For the size limits referenced throughout, see Configuration.
The Context lifetime rule
The Context is pooled and reused across requests. Anything that hands back a
view into request memory is only valid until your handler returns. Once the
handler returns, the underlying buffers may be recycled for the next request.
This affects exactly two accessors:
| Accessor | Returns | After handler returns |
|---|---|---|
Body() | The raw body bytes (zero-copy) | Invalid — may be overwritten |
Header(key) | A header value (substring of the parsed buffer) | Invalid — may be overwritten |
If you need request data to outlive the handler — async processing, a background goroutine, deferred logging — copy it first. Two accessors are explicitly documented as safe to retain:
| Safe-to-retain accessor | Returns |
|---|---|
BodyCopy() | A fresh heap copy of the body ([]byte) |
RequestHeaders() | A copy of all headers as [][2]string, safe for concurrent use |
s.POST("/ingest", func(c *celeris.Context) error {
// WRONG: body is recycled after this handler returns
go process(c.Body())
// RIGHT: hand the goroutine its own copy
payload := c.BodyCopy()
go process(payload)
return c.String(202, "queued")
})
A plain string(c.Body()) or c.Header("...") value you use within the
handler is fine — Go copies the bytes into the new string. The rule only bites
when you keep a []byte slice or pass the Context itself somewhere that
outlives the request.
The request line
| Method | Returns |
|---|---|
c.Method() | HTTP method, e.g. "GET" |
c.Path() | Request path without the query string, e.g. "/users/42" |
c.FullPath() | The matched route pattern, e.g. "/users/:id" (empty if no route matched) |
c.RawQuery() | Raw query string without the leading ? (empty if none) |
c.Protocol() | "1.1" for HTTP/1.1, "2" for HTTP/2 |
c.Host() | Request host (:authority on H2, Host header on H1) |
c.RemoteAddr() | TCP peer address, e.g. "192.168.1.1:54321" |
s.GET("/users/:id", func(c *celeris.Context) error {
log.Printf("%s %s matched %s over HTTP/%s",
c.Method(), c.Path(), c.FullPath(), c.Protocol())

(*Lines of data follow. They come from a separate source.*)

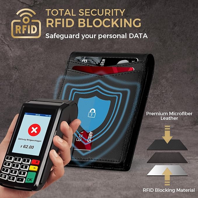 - RFID BLOCKING PROTECTION - Our wallets are equipped with advanced RFID SECURE Technology, featuring a unique metal composite material engineered specifically to block RFID signals of 13.56 MHz or higher. This effectively protects sensitive information stored on RFID chips from unauthorized scans, ensuring comprehensive security for driver’s licenses and ID cards. It reliably blocks the 13.56 MHz frequency band, preventing data theft by RFID scanners
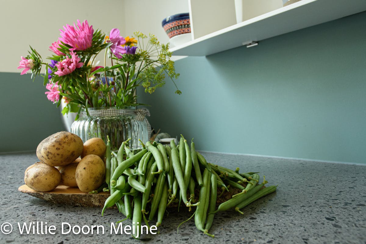De slabonen en snijbonen zijn heerlijk van smaak. Ik heb rode en gele bietjes gezaaid, de gele zijn ook heel smakelijk, die eet ik koud met wat dressing en geitenkaas erover. Elke dag pluk ik wel bloemen, vooral de asters doen het goed. De Cosmea heeft meer groen dan bloem maar misschien komt de bloei wat later?
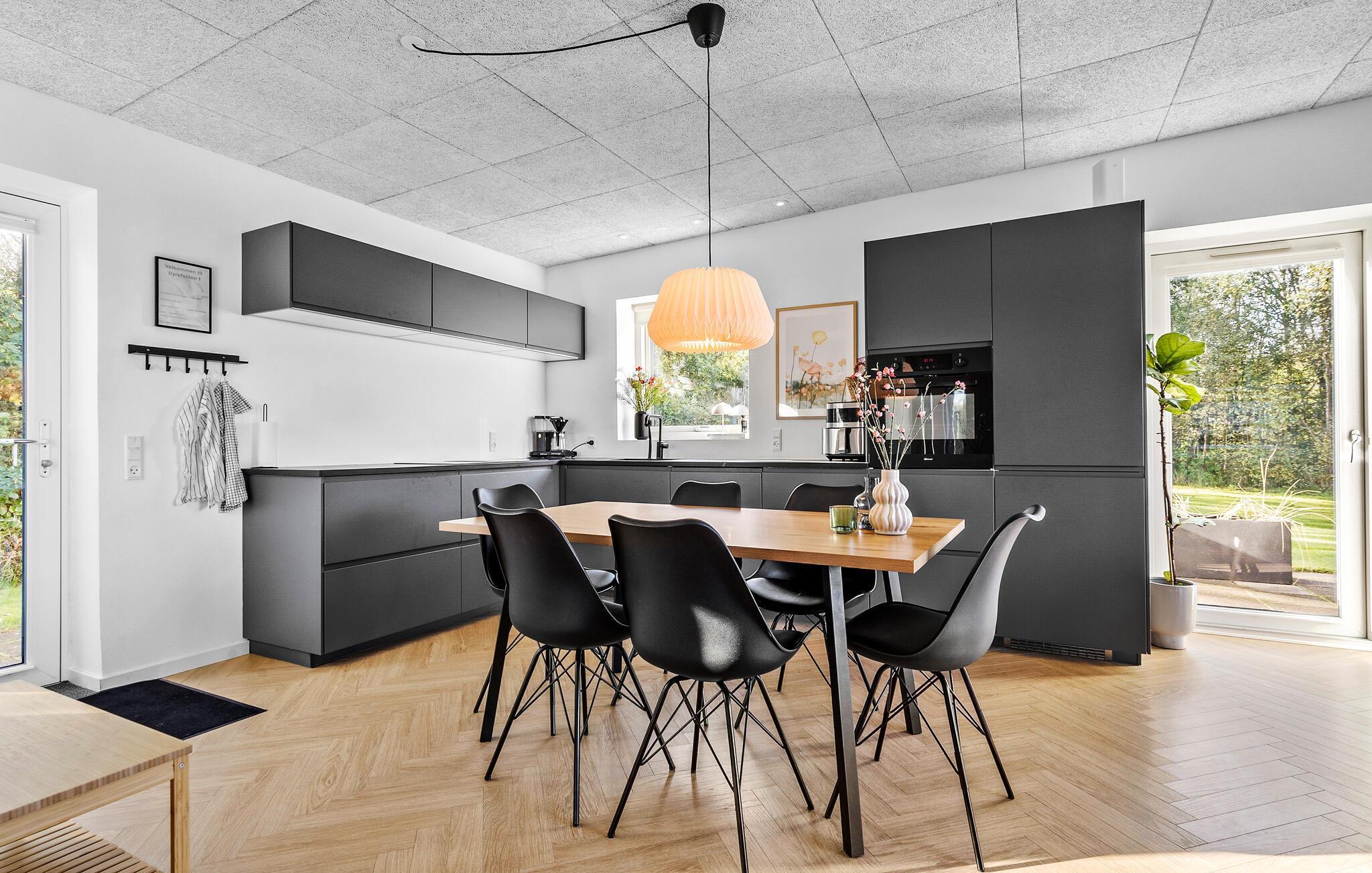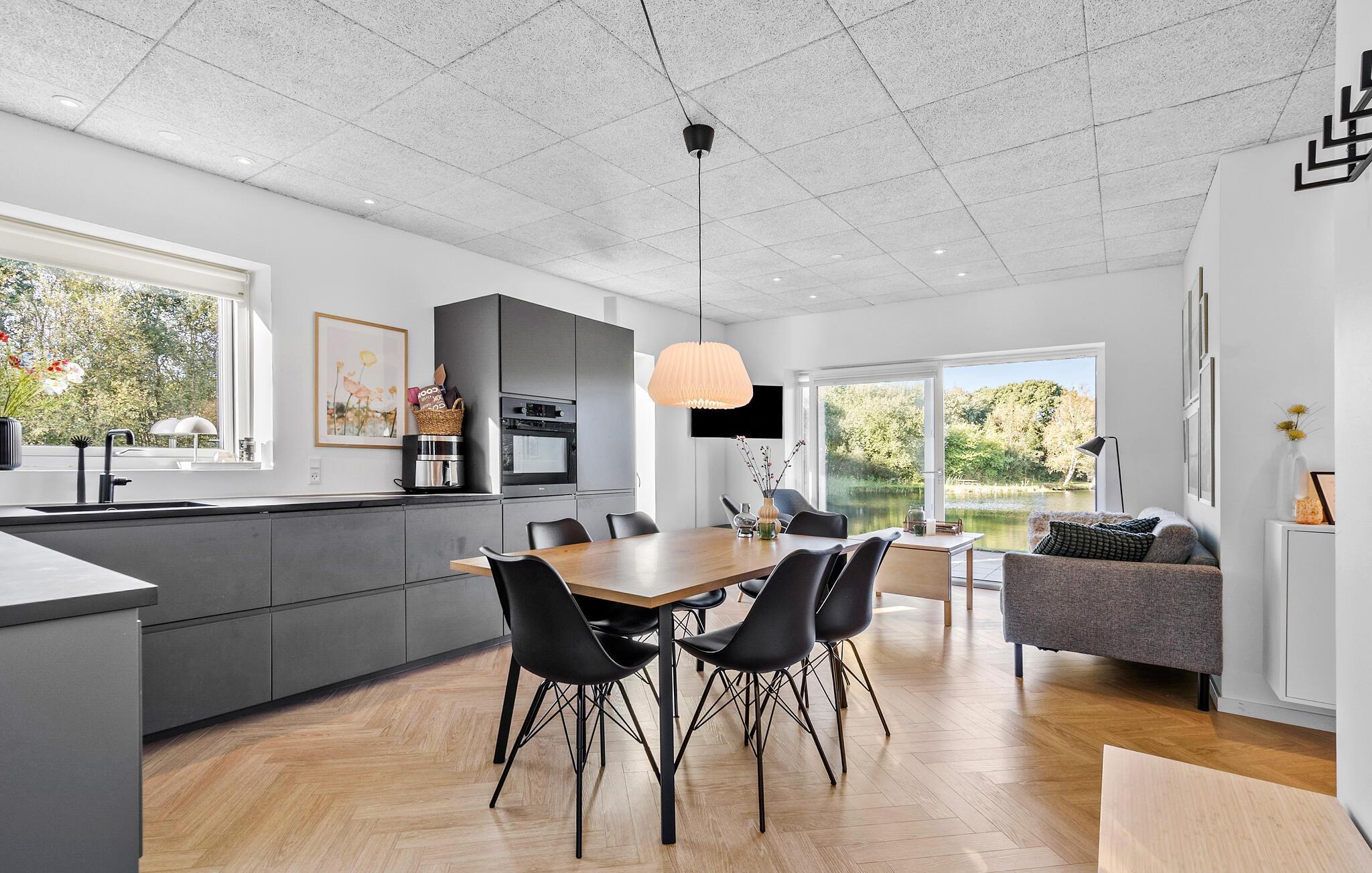 I bor lige ud til en sø i dette elegante feriehus, som ligger i fredfyldte rammer og giver jer et herligt udgangspunkt for ferien i det vestjyske. Huset emmer af moderne kvalitetsløsninger og har udsigt både fra stuen og terrassen. I kan derfor begynde feriedagene på bedste vis med en kop kaffe, mens I skuer ud på omgivelserne og lige så stille beslutter jer for, hvad dagen skal bruges på. De brede vinduespartier lukker de grønne rammer smukt ind i boligen, så ude og inde næsten smelter sammen. Efter dagens udflugter kan I samles her og læne jer godt tilbage i de bløde møbler, hygge jer med brætspil eller gøre klar til aftenens store middag i det veludstyrede køkken.

return c.JSON(200, map[string]string{"id": c.Param("id")})
})
Path() is the concrete URL the client sent; FullPath() is the template you
registered. The latter is ideal for low-cardinality metrics labels (you don’t
want a separate metric series per user ID).
SetMethod/SetPath/SetRawQueryare for middleware, not handlers. Celeris exposes setters that rewrite the request line — they exist for pre-routing middleware that does method override or URL rewriting (registered withs.Pre(...); see Routing). Calling them from an ordinary handler has no effect on routing, which has already happened. Route parameters are read withc.Param(...), covered in Routing.
Query parameters
RawQuery() gives you the unparsed string. For individual values, use the typed
accessors — the common case (a single unescaped value) is read directly from the
raw query with zero allocations.
| Method | Behavior |
|---|---|
c.Query(key) | First value for key, or "" if absent |
c.QueryDefault(key, def) | Query(key), or def if the value is empty/absent |
c.QueryInt(key, def) | Parsed as int; returns def if absent or unparseable |
c.QueryInt64(key, def) | Parsed as int64; returns def if absent or unparseable |
c.QueryBool(key, def) | Parsed as bool; returns def if absent or unparseable |
c.QueryValues(key) | All values for key as []string (nil if absent) |
c.QueryParams() | The full url.Values map (nil if no query string) |
// /search?q=celeris&page=2&limit=20&exact=true
s.GET("/search", func(c *celeris.Context) error {
q := c.Query("q") // "celeris"
page := c.QueryInt("page", 1) // 2
limit := c.QueryInt("limit", 50) // 20
exact := c.QueryBool("exact", false) // true
return c.JSON(200, doSearch(q, page, limit, exact))
})
QueryBool recognizes true/1/yes as true and false/0/no as false
(case-insensitive); anything else falls back to the default.
Empty string means “use the default”
QueryDefault, QueryInt, QueryInt64, and QueryBool treat an empty
value the same as a missing key. A request to ?page= (key present, value
empty) returns the default, just as ? (key absent) would.
Detecting malformed values
The typed helpers deliberately swallow parse errors — ?page=abc returns
your default, not an error. This is the right behavior for forgiving public APIs,
but if a malformed value should be a 400 rather than silently defaulted, parse
the raw string yourself:
s.GET("/items", func(c *celeris.Context) error {
raw := c.Query("page")
if raw == "" {
raw = "1"
}
page, err := strconv.Atoi(raw)
if err != nil || page < 1 {
return celeris.NewHTTPError(400, "page must be a positive integer")
}
return c.JSON(200, listItems(page))
})
For repeated keys such as ?tag=go&tag=http, use QueryValues("tag")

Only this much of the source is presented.